Pictures in the data must not be copied, but everything else should be output exactly.

*** RECORDED DATA

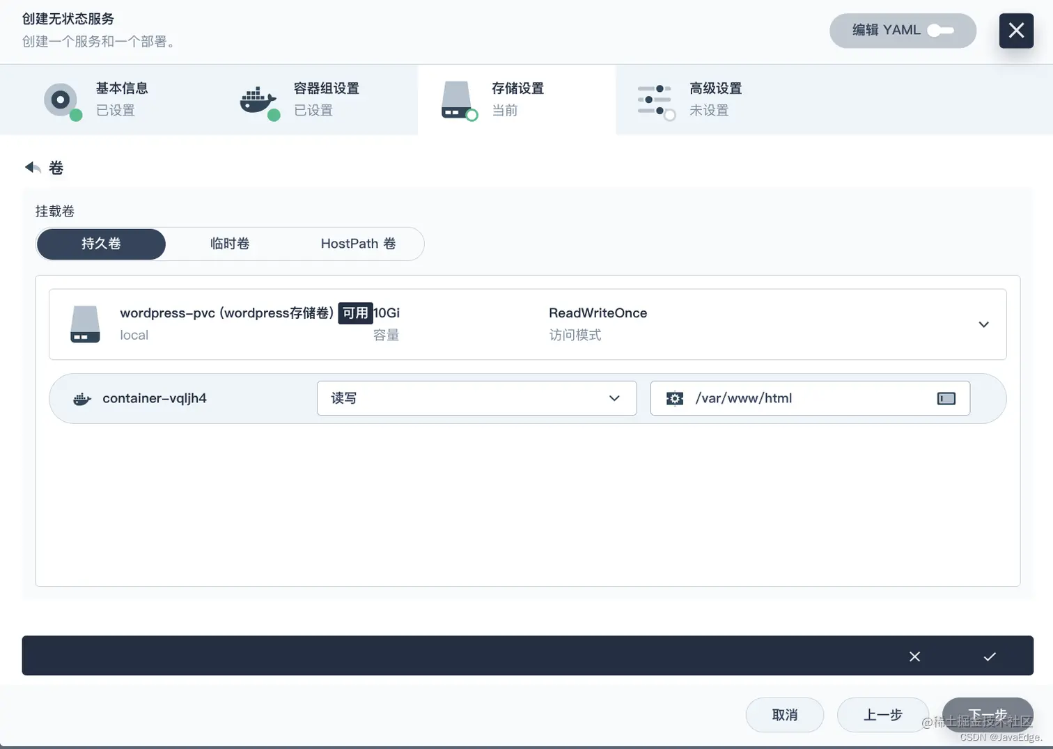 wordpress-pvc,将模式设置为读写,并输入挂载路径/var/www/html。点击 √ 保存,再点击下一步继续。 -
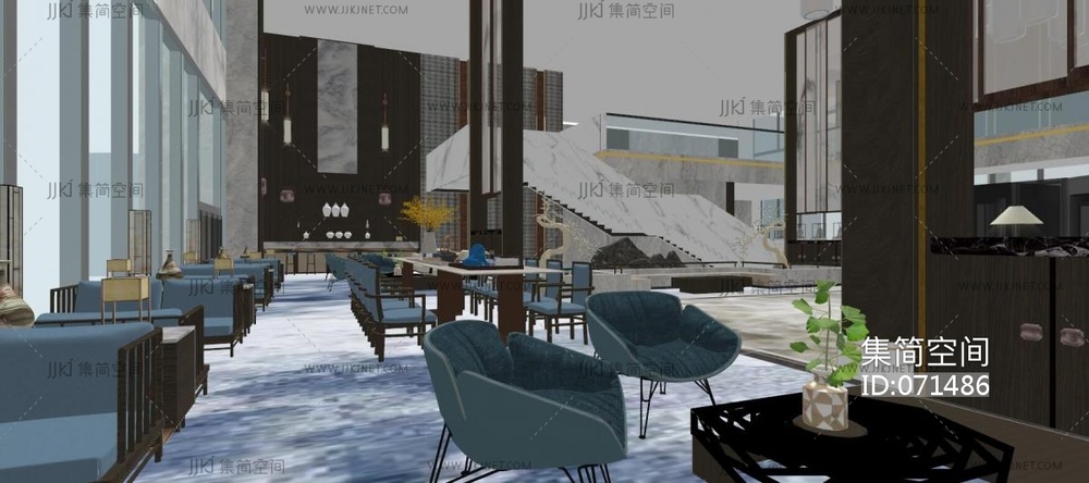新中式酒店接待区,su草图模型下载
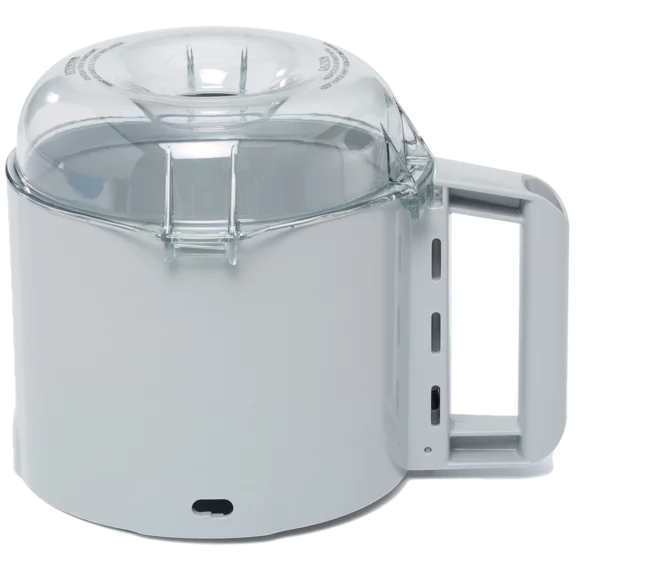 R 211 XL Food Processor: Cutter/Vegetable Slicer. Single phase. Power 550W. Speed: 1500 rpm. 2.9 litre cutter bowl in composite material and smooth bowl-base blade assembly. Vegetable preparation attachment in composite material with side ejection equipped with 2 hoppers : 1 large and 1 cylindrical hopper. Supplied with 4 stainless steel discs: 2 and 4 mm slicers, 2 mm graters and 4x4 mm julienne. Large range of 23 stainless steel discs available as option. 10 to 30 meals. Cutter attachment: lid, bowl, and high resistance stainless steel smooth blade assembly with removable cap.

******

## YOUR SOLUTION
 wordpress-pvc,将模式设置为读写,并输入挂载路径/var/www/html。点击 √ 保存,再点击下一步继续。 -
新中式酒店接待区,su草图模型下载
 R 211 XL Food Processor: Cutter/Vegetable Slicer. Single phase. Power 550W. Speed: 1500 rpm. 2.9 litre cutter bowl in composite material and smooth bowl-base blade assembly. Vegetable preparation attachment in composite material with side ejection equipped with 2 hoppers : 1 large and 1 cylindrical hopper. Supplied with 4 stainless steel discs: 2 and 4 mm slicers, 2 mm graters and 4x4 mm julienne. Large range of 23 stainless steel discs available as option. 10 to 30 meals. Cutter attachment: lid, bowl, and high resistance stainless steel smooth blade assembly with removable cap.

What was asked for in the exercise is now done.